Word-for-word transcription needed. Include every entry below but no pictures.

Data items
++++++++++++++++++++
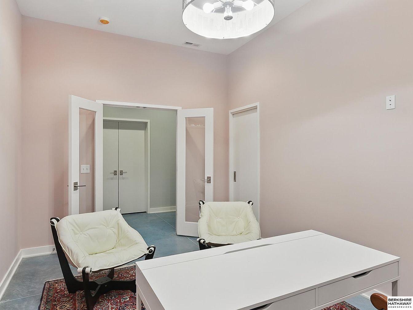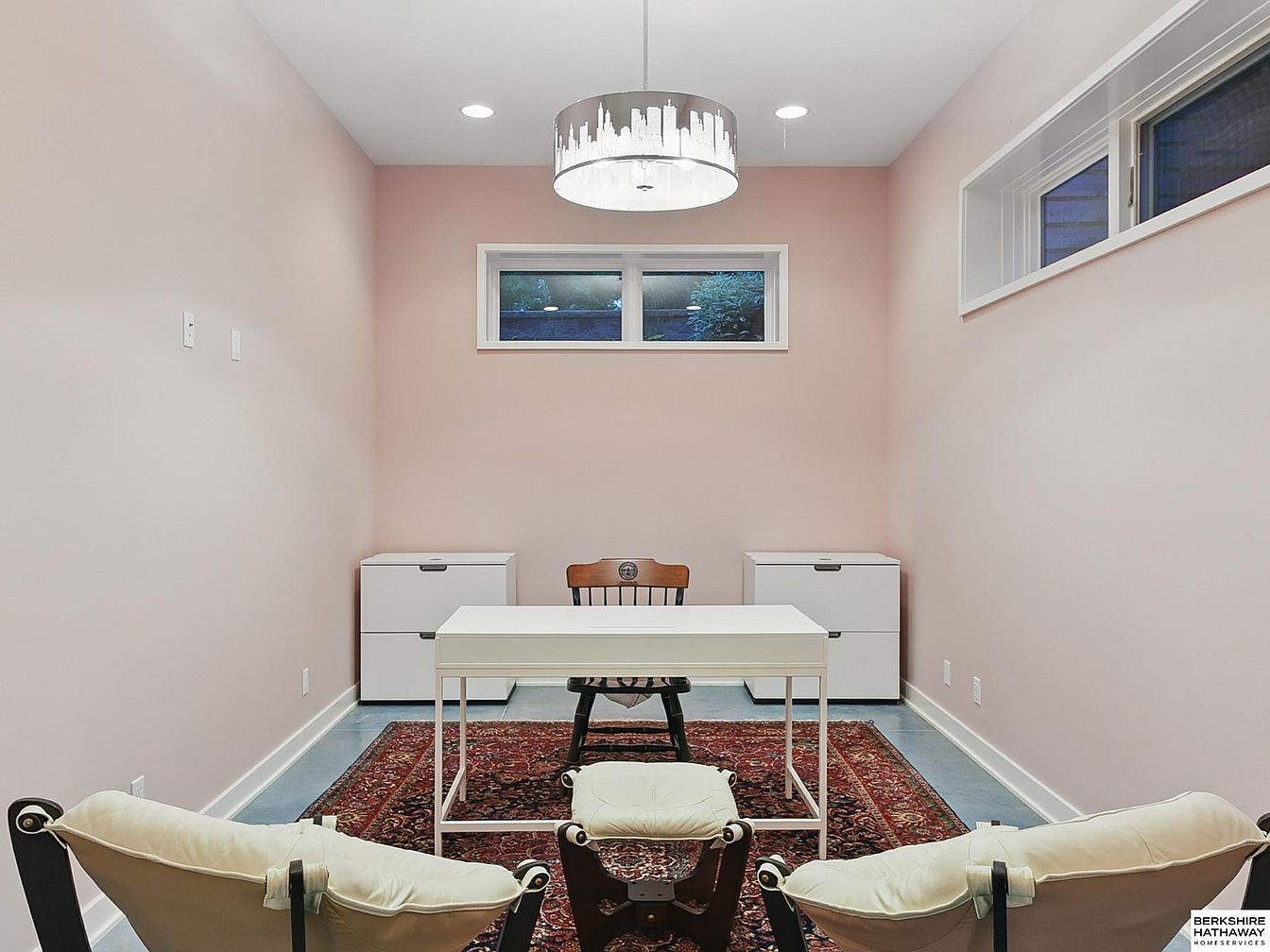 This compact home office nook features soft blush pink walls that create a calm and inviting atmosphere. A simple white desk sits centrally on a richly patterned, traditional red Persian-style rug, which adds warmth and texture to the cool-toned concrete floor. Flanking the desk are two white file cabinets providing functional storage, while a vintage wooden chair adds character and contrast. Two narrow horizontal windows near the ceiling bring in natural light without compromising privacy. Above, a modern pendant light with a cityscape design provides focused illumination, while additional recessed lighting keeps the space bright.
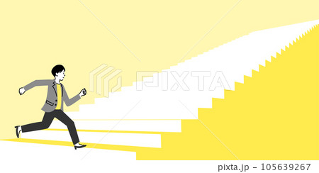 走る女性ビジネスマンと階段のイメージイラスト、ベクター
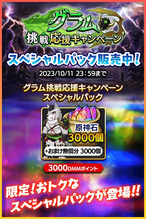 また、原神石がおトクに入手できる「グラム挑戦応援キャンペーンスペシャルパック」も同時に登場!
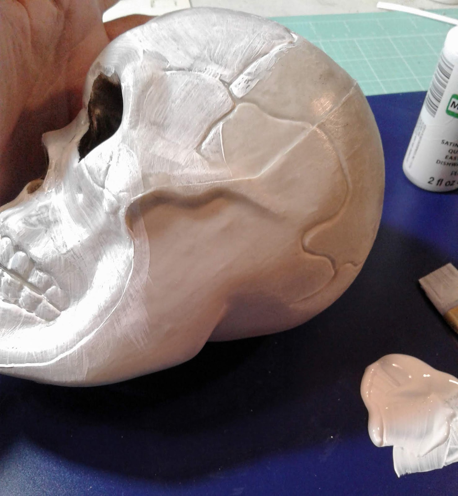 I started by painting my grayish skull white. With this paint by Plaid, you don't need to prep your surface. Which is perfect to work with kids or for those of us that love to jump right in. Then, I set it aside to dry.
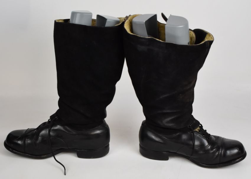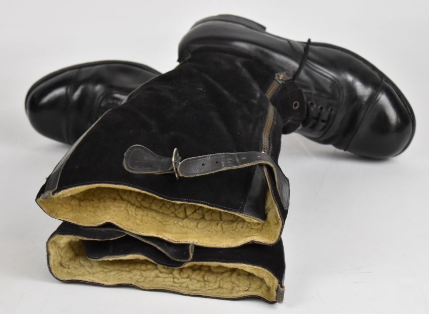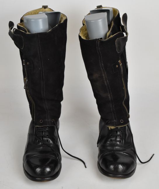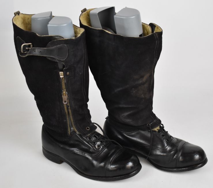 Pair of Royal Air Force WW2 'escape' boots size 7, wool lined, with ministry mark and Lightning to zip pull, right boot zip missing some teeth
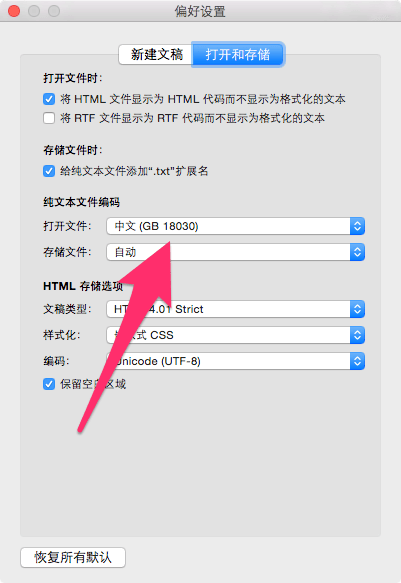 解決方法很簡(jiǎn)單:打開(kāi)「文本編輯.app」,點(diǎn)擊屏幕左上角菜單欄的「文本編輯」>「偏好設(shè)置…」>「打開(kāi)和存儲(chǔ)」。選擇打開(kāi)純文本文件的編碼為「中文 GBxxxx」即可。
++++++++++++++++++++
WRITTEN ANSWER:
 This compact home office nook features soft blush pink walls that create a calm and inviting atmosphere. A simple white desk sits centrally on a richly patterned, traditional red Persian-style rug, which adds warmth and texture to the cool-toned concrete floor. Flanking the desk are two white file cabinets providing functional storage, while a vintage wooden chair adds character and contrast. Two narrow horizontal windows near the ceiling bring in natural light without compromising privacy. Above, a modern pendant light with a cityscape design provides focused illumination, while additional recessed lighting keeps the space bright.
 走る女性ビジネスマンと階段のイメージイラスト、ベクター
 また、原神石がおトクに入手できる「グラム挑戦応援キャンペーンスペシャルパック」も同時に登場!
 I started by painting my grayish skull white. With this paint by Plaid, you don't need to prep your surface. Which is perfect to work with kids or for those of us that love to jump right in. Then, I set it aside to dry.
 Pair of Royal Air Force WW2 'escape' boots size 7, wool lined, with ministry mark and Lightning to zip pull, right boot zip missing some teeth
 解決方法很簡(jiǎn)單:打開(kāi)「文本編輯.app」,點(diǎn)擊屏幕左上角菜單欄的「文本編輯」>「偏好設(shè)置…」>「打開(kāi)和存儲(chǔ)」。選擇打開(kāi)純文本文件的編碼為「中文 GBxxxx」即可。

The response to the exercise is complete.